Why multiple approaches:

  • Unit test: Fast, runs on every commit
  • Property test: Explores input space, finds edge cases
  • Integration test: Verifies real-world usage

This defense in depth catches bugs that single-technique testing would miss.


Lessons Learned

1. Glob Matching is Harder Than It Looks

Initially had 0% coverage on matchGlobParts because we thought it was "obviously correct." Fuzz testing found edge cases with ** at the end of patterns and empty path components.

Lesson: Complex recursive algorithms need exhaustive testing.

2. Concurrency Bugs Are Sneaky

Traditional concurrent tests using sync.WaitGroup were flaky. Only after switching to testing/synctest did we get reproducible concurrency tests.

Lesson: Use modern tooling for hard problems.
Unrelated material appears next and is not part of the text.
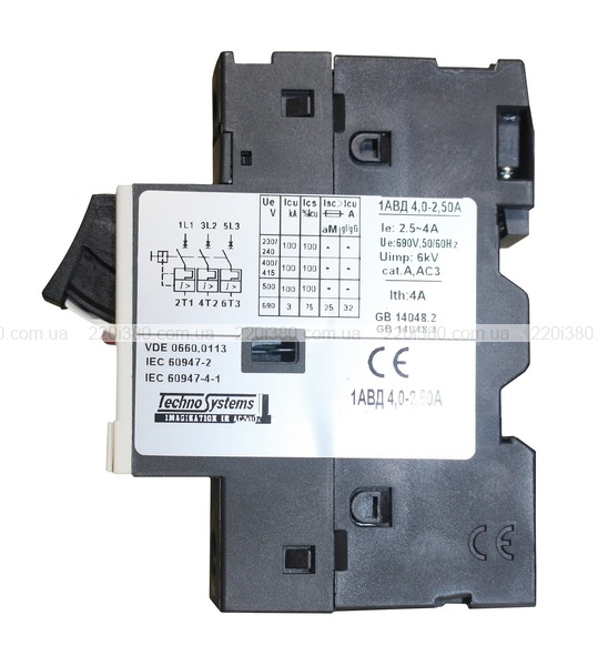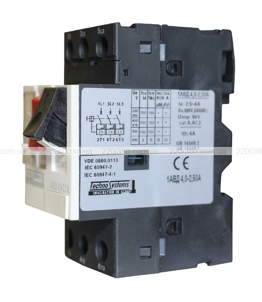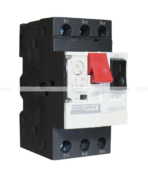 Автоматичний вимикач 1АВД4,0-2,5А для захисту двигуна. (220V 0,75kW / 400V 1,5kW) TNSy

3. Validation Errors Are First-Class

Users spend more time debugging validation errors than any other part of the API. Investing in clear, well-tested error messages pays dividends in support time saved.

Lesson: Error handling is a feature, not an afterthought.


Future Testing Directions

Potential Additions

  1. Mutation testing: Use go-mutesting to verify tests catch intentional bugs
  2. Chaos testing: Randomly inject filesystem errors, verify graceful degradation
  3. Load testing: Simulate cache with 100k+ entries, measure performance
  4. Integration tests: Test with real tools (protoc, golangci-lint)

Metrics to Track

  • Coverage trend: Should stay above 85%
  • Benchmark trend: Should not regress > 5%
  • Fuzz crash count: Should be zero
  • Race detector warnings: Should be zero

Conclusion

Testing Granular comprehensively requires multiple techniques because the library has diverse risk profiles:

  • Correctness-critical: Validation, glob matching → exhaustive unit + property tests
  • Concurrency-critical: Cache operations → testing/synctest
  • Security-critical: Input parsing → fuzz testing
  • Performance-critical: Hash computation → benchmarks

By matching testing technique to risk, we achieve high confidence without excessive test maintenance burden.

The goal: Ship a cache library that users can trust in production build systems handling millions of dollars of engineering time.

Tests are the contract that guarantees this trust.